Brazilian researchers used AI and multi-spectral imaging technology to sort coffee beans into two categories: specialty and standard. Photo courtesy of Winston Pinheiro Claro Gomes.
Sorting out specialty coffee beans takes time and human effort, but a new approach could enable real-time sorting during the production process. Brazilian researchers published a study on applying multispectral imaging (MSI) and machine learning to classify green coffee beans as specialty or traditional commercial.
Specialty coffee is typically defined according to technical specifications outlined by the Specialty Coffee Association. A coffee must score at least 80 points on the SCA's 100-point scale to earn the specialty designation. Cuppers trained to use SCA standards inspect, roast and taste samples of coffee to generate a quality score. Using technology for this process would mean bean samples do not need to be sent for testing or roasted.

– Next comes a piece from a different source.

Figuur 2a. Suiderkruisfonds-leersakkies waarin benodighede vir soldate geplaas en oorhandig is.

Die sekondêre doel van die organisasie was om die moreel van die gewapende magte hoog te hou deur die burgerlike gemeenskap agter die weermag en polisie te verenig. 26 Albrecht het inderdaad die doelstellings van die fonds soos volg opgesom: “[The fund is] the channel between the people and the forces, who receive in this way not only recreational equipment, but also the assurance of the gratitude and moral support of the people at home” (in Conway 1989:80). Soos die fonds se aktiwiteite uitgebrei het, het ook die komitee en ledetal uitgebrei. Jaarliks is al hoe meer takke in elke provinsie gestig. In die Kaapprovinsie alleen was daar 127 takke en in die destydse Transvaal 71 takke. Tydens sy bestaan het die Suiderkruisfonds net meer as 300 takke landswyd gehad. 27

The study, published in Computers and Electronics in Agriculture, describes how researchers used MSI and machine learning, a subtype of artificial intelligence, to identify the difference between specialty and traditional coffee beans. Using MSI, researchers took images of the coffee beans at different wavelengths of light.

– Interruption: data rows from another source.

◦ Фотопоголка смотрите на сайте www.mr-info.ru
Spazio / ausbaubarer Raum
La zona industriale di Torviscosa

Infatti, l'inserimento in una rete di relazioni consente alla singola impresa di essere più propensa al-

Four different machine-learning algorithms analyzed the images. The researchers found that microscopic molecules known as fluorophores, including caffeine, catechin, and chlorogenic acids among others, are key to differentiating between traditional and specialty beans. The process is non-destructive and takes place in real-time.
While this research does show promise for applications in the coffee industry, it has its limitations. “Specialty coffee must score between 80 and 100, but our model can’t tell whether beans are 80 or 90. That would require machine learning with samples for each score in order to specify these categories in the mathematical model,” study author Winston Pinheiro Claro Gomes said in a news release. He intends to do more work using coffee beans that correspond with each SCA score.
This study isn’t the only one to leverage MSI for the classification of coffee beans. In a recent study published in Food Chemistry: X, researchers used MSI to discriminate between arabica and robusta beans.
MSI has other potential applications in coffee, which researchers have been exploring. “The use of MSI in the coffee industry is very recent. It’s mostly used to map nitrogen in coffee groves, detect necrosis in beans, and detect pests and diseases in plants, as can be seen from the literature on the subject,” Gomes explained in the news release.